Syntax Scoring

Part 1

This is a fun one! The punctuation may look daunting, but it’s a straightforward puzzle. On each line, you can always add an open bracket. But, if it’s a close bracket, it must be of the same type as the most recent open. This is a common task that programming language parsers face called “matching brackets”.

There are many ways to do this, but the easiest is with a stack. In Computer Science, a stack is a “last in, first out” structure. It’s the opposite of a queue, which is “first in, first out”.

Some languages have built-in Stack classes - Python isn’t one of them. The native list has .append() and .pop(), which get us what we need. We can add and remove from the end of the list, so the last element we added will be the first removed. Sounds like a stack to me!

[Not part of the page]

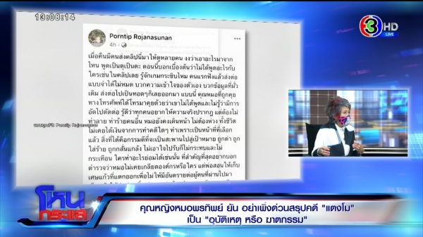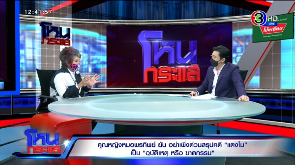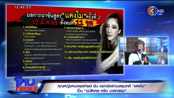 รายการโหนกระแสวันที่ 21 มี.ค. 65 ดำเนินรายการโดย “หนุ่ม กรรชัย กำเนิดพลอย” ผลิตในนามบริษัท ดีคืนดีวัน จำกัด ออกอากาศทุกวันจันทร์-ศุกร์ เวลา 12.35 น. ทางช่อง 3 กดเลข 33 ยังเกาะติดเหตุการณ์การผ่าชันสูตรศพ “แตงโม นิดา พัชรวีระพงษ์” รอบ 2 โดยสัมภาษณ์ “พญ.คุณหญิงพรทิพย์ โรจนสุนันท์” สมาชิกวุฒิสภา และ อดีตผอ.สถาบันนิติวิทยาศาสตร์ ซึ่งร่วมสังเกตการณ์การผ่าชันสูตรศพครั้งที่ 2 ของแตงโม ล่าสุดได้โพสต์เฟซบุ๊กยืนยันว่าไม่ได้พูดตามที่รายการทนายคู่ใจ ของ “ทนายรณรงค์ แก้วเพชร” ทางยูทูบที่ได้นำเสนอเรื่อง หยดเลือดพลิกคดีแตงโม เป็นการฆาตกรรม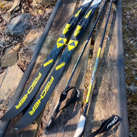 Smørefrie Fischer ski av god kvalitet. Noe bredere enn flere andre modeller. Brukt av 2 barn. Skaller litt av i ene kanten, har ikke hatt betydning for vårt bruk. Rottefella NNN binding.

I started by defining the constants I was going to need. Namely, which pairs of characters matched and how much the various end pieces were worth:

OPENERS = {
    "(": ")",
    "[": "]",
    "{": "}",
    "<": ">",
}
CLOSERS_INVALID = {
    ")": 3,
    "]": 57,
    "}": 1197,
    ">": 25137,
}

Next, we could go through lines. On each line, I’d add all the open brackets to our stack. When we get to a closing bracket, we verify that the last item in the stack is its pair. If it is, great! We remove that opener from our stack and move on. If it’s not, then we have found an invalid line and can score it appropriately:

invalid_score = 0
for line in self.input:
    incomplete_pairs = []
    for c in line:
        if c in OPENERS:
            incomplete_pairs.append(c)
        else:
            if OPENERS[incomplete_pairs[-1]] != c:
                # invalid line!
                invalid_score += CLOSERS[c]
                break

            incomplete_pairs.pop()

return total

If that code is hard to follow, I recommend adding some print statements to show when a character is added or removed. Should make it very easy to step through the function.

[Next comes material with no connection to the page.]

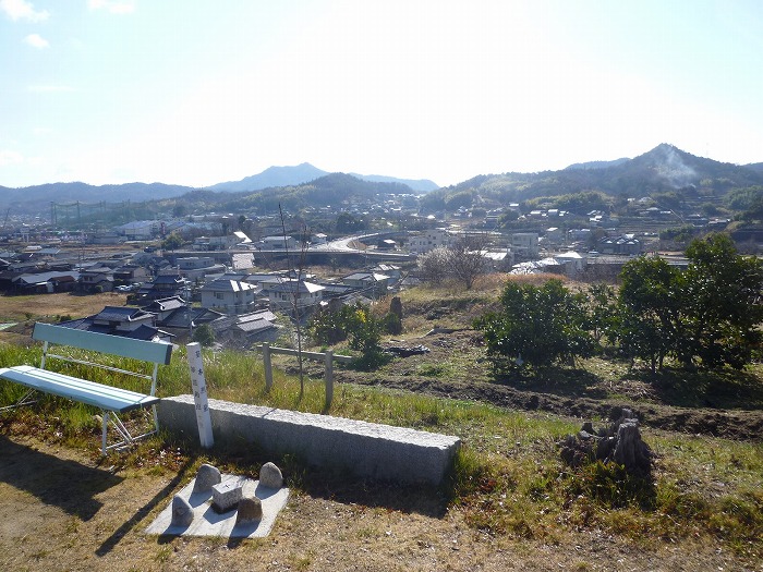 記念碑前から見る里庄町役場や里庄中学校。

Now, I wonder what we’ll do with these not-invalid lines…

Part 2

We’ll complete them! We got lucky here- we’ve already done the hard work. When our for c in line loop above finishes, pairs will have all of the unmatched openers. Well, that was a freebie.

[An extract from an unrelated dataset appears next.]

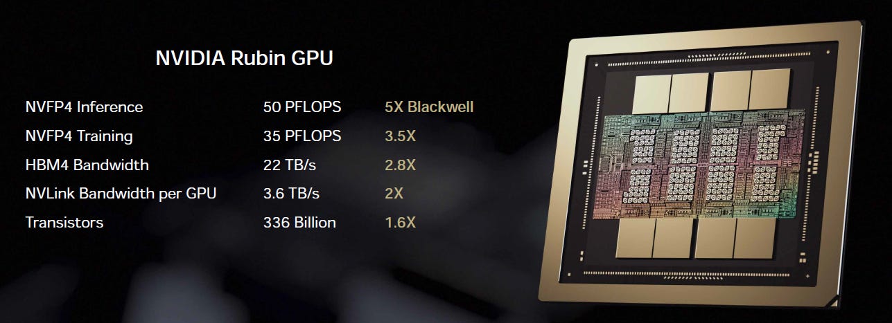 At CES, Jensen explained how Rubin will give 5x the performance of Blackwell, despite the number of transistors only increasing by 60%:

We can adapt our part 1 code a bit to give us all the pairs from the valid lines and then get to the scoring. Here’s that but adapted to keep the valid lines:

invalid_score = 0
valid_line_scores: List[int] = []
for line in self.input:
    was_valid_line = True
    incomplete_pairs: List[str] = []
    for c in line:
        if c in OPENERS:
            incomplete_pairs.append(c)
        else:
            if OPENERS[incomplete_pairs[-1]] != c:
                # invalid line!
                invalid_score += CLOSERS_INVALID[c]
                was_valid_line = False
                break

            incomplete_pairs.pop()

Now we write a little scoring method:

def closing_score(nums) -> int:
    score = 0
    for i in nums:
        score *= 5
        score += i
    return score

And a way to transform our remaining openers into a list of scores:

CLOSERS_MATCHING = {
    ")": 1,
    "]": 2,
    "}": 3,
    ">": 4,
}

for line in self.input:
    ...

    if was_valid_line:
        closers_needed = reversed(
            [CLOSERS_MATCHING[OPENERS[p]] for p in incomplete_pairs]
        )
        valid_line_scores.append(closing_score(closers_needed))

When that’s all said and done, we’re back at the top of our loop and can get the middle score. To get the middle, we need to sort the list and get the index of rounding down the len / 2. Python’s integer division does this for us:

5 / 2
# => 2.5

5 // 2
# => 2

So:

middle_score = sorted(valid_line_scores)[len(valid_line_scores) // 2]

return invalid_score, middle_score

Looked intimidating, but didn’t end up being terribly significant code!